Grand Slam singles results
- Australian Open: QF (1912)

= Geoff Ollivier =

New Zealand tennis player

Geoff Ollivier (August 19, 1886 – October 10, 1960) was a New Zealand tennis player in the years before and after World War 1.

==Career==
Ollivier was the top New Zealand player for many years. "During a greater part of his reign he was so far ahead of his contemporaries in New Zealand he seemed to win just as he liked and whenever he liked, usually without much preparation", according to his obituary in Christchurch newspaper The Press. The article goes on to say "although in his younger days he was an all-court player, with his net attack an outstanding feature of his play, in later years he developed the chess-board type of game to a very fine art.

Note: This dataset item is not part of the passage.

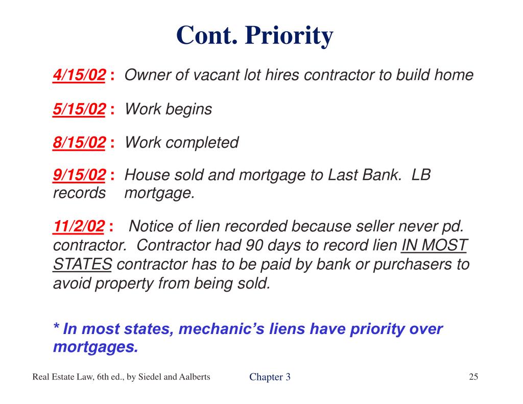 4/15/02: Owner of vacant lot hires contractor to build home 5/15/02: Work begins 8/15/02 : Work completed 9/15/02 : House sold and mortgage to Last Bank. LB records mortgage. 11/2/02: Notice of lien recorded because seller never pd. contractor. Contractor had 90 days to record lien IN MOST STATES contractor has to be paid by bank or purchasers to avoid property from being sold. * In most states, mechanic’s liens have priority over mortgages. Cont. Priority Chapter 3 Real Estate Law, 6th ed., by Siedel and Aalberts

Even against New Zealand's best players he seemed to make them run all over the court while doing very little running himself".

In the semi final of the 1911 New Zealand Championships, Ollivier beat future Australasian champion Arthur O'Hara Wood in the semi finals. Ollivier "proved to be at the very top of his form, and took three sets in brilliant fashion. The winner's service was irresistible, he made the ball jump and break in a very puzzling manner, and Wood could do little with it". He overcame John Peacock in the final in four sets. In 1914 he took his second New Zealand championships title beating Lancelot Jennings in the final in four sets. In 1919, Ollivier took his third title beating James Laurenson in the final in four sets. He won his fourth title in 1922, after playing indifferently throughout most of the tournament, beating Laurenson in straight sets in the final. Making one of his infrequent visits to Australia in 1923, Ollivier beat former Australasian champion Rice Gemmell in straight sets in the quarter finals of the City of Sydney championships with "delicate passing strokes and fine volleying". He lost the final in straight sets to reigning Australasian champion James Anderson. Ollivier beat Laurenson again in the final of the New Zealand championships in 1924, this time losing two games in three sets. In 1925, Ollivier won his sixth title, beating Donald France in four sets in the final. Ollivier "kept France moving and was able to force him into a greater number of errors owing to superior court-craft". He won his seventh and last title in 1927 winning 9–7 in the fifth set against Edgar Bartleet. Ollivier had been two points from defeat. "When the game was varied, and court-craft played an important part, it was Olliver who most often scored the winning shot- the subtle winner that made the galleries laugh...if there was not as much net play as some of the spectators would have liked, it was because the players rightly judged it was too risky. Such hard-hitting baseline experts, able to lob to a hair's breadth, were not likely to make a tactical blunder". Even in his last year of play in 1928, by now aged 42, he beat British player Colin Gregory (who won the Australian championships soon afterwards).